The NLSWE conserved variables are volume (depth), x-momentum, and y-momentum:
\[\begin{equation} \mathbf{U} = \begin{bmatrix} h \\ hu \\ hv \end{bmatrix} \tag{B.4} \end{equation}\]
where: - \(h\) is depth - \(u\) is x-velocity - \(v\) is y-velocity
The x, y, and z components of the inviscid flux \(\mathbf{F}^I\) and viscous flux \(\mathbf{F}^V\) terms in the NLSWE are given via Equation (B.5)
\[\begin{equation} \mathbf{F}_x^I = \begin{bmatrix} hu \\ hu^2 + \frac{1}{2} gh^2 \\ huv \end{bmatrix}, \quad \mathbf{F}_x^V \approx \begin{bmatrix} 0 \\ -h \nu_{t,h} \frac{\partial u}{\partial x} \\ -h \nu_{t,h} \frac{\partial v}{\partial x} \end{bmatrix} \end{equation}\]

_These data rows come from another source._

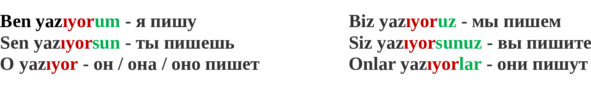 yazmıyorum (я не пишу), yazmıyorsun (ты не пишешь), yazmıyor (он не пишет)…
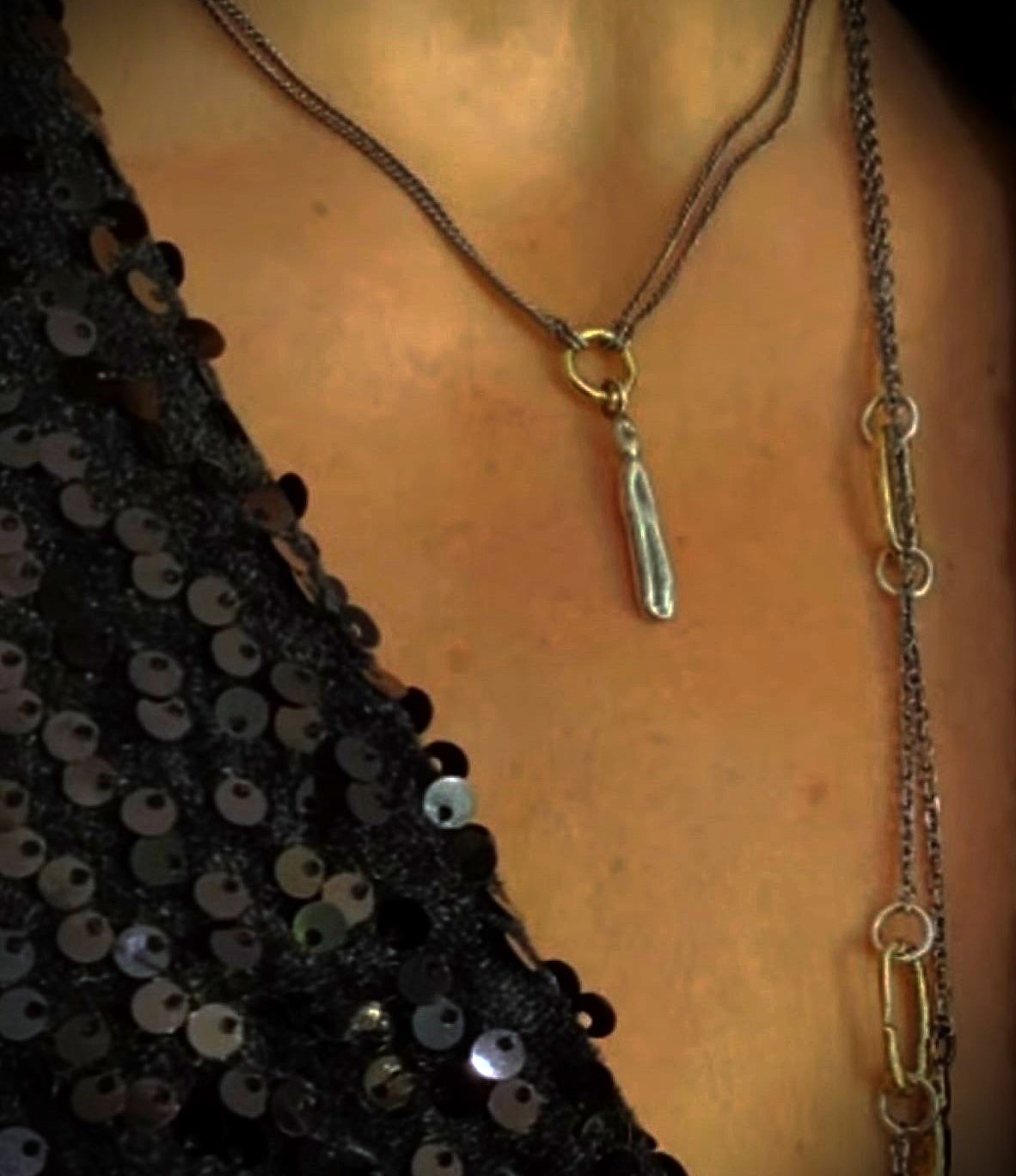 Collaret doble cadena, amb penjoll de plata 925 envellida i anella d’or groc (18 kt) d’un cm de diàmetre.
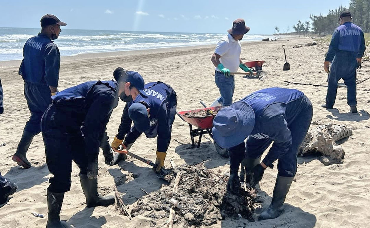 Diversas manchas de hidrocarburo fueron detectadas en playas del puerto de Tuxpan, en el norte de Veracruz, por lo que elementos de la Secretaría de Marina-Armada de México llevaron a cabo acciones de limpieza.
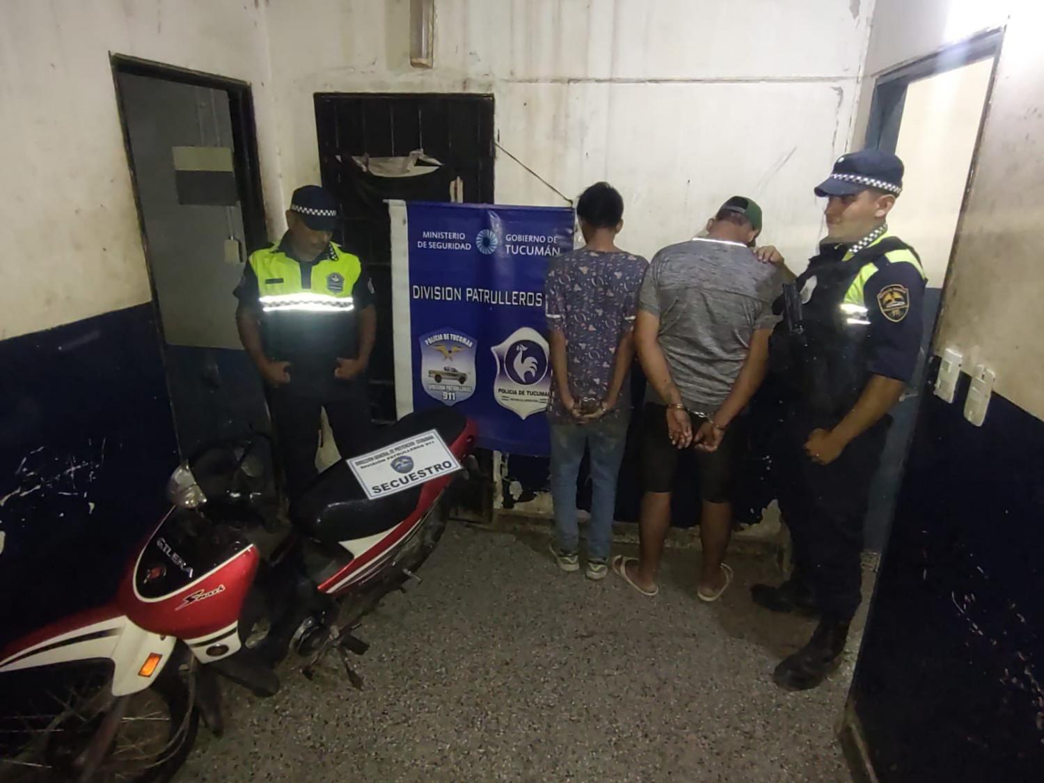 Cerca de las 23:00 horas, aproximadamente, observan en el lugar de la aprehensión a dicho rodado a bordo de dos masculinos, por lo que los efectivos al notar que tenía las mismas características que la moto descripta por el 911, interceptan a estos sujetos y al solicitarle la documentación de la misma, estos no tenían ningún papel como también se pusieron nerviosos al momento del control, comunicándose el Sargento 1° Gerez con el 911 a los fines de que le brinde el dominio del rodado que había sido robado, coincidiendo con el que tenían en el lugar, motivo por el cual procedieron a la aprehensión de estos sujetos y el traslado de la motocicleta a la Comisaria Nº8 URC, el cual manifestó que dos sujetos que se manejaban a pie y mediante el uso de arma de fuego le robaron su moto cuando circulaba por calle Olleros e ingeniero Farías de esta ciudad, para luego estos darse a la fuga, perdiéndolos de vista.
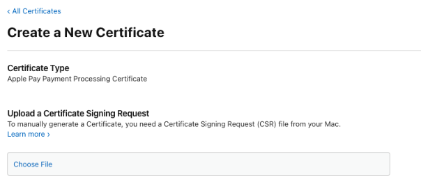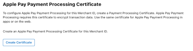 4 - In the ApplePay Merchant Identity Certificate section, select Create Certificate

\[\begin{equation} \mathbf{F}_y^I = \begin{bmatrix} hv \\ huv \\ hv^2 + \frac{1}{2} gh^2 \end{bmatrix}, \quad \mathbf{F}_y^V \approx \begin{bmatrix} 0 \\ -h \nu_{t,h} \frac{\partial u}{\partial y} \\ -h \nu_{t,h} \frac{\partial v}{\partial y} \end{bmatrix} \tag{B.5} \end{equation}\]
\[\begin{equation} \mathbf{F}_z^I = \begin{bmatrix} hw \\ hwu \\ hwv \end{bmatrix}, \quad \mathbf{F}_z^V \approx \begin{bmatrix} 0 \\ -\nu_{t,v} \frac{\partial u}{\partial z} \\ -\nu_{t,v} \frac{\partial v}{\partial z} \end{bmatrix} \end{equation}\]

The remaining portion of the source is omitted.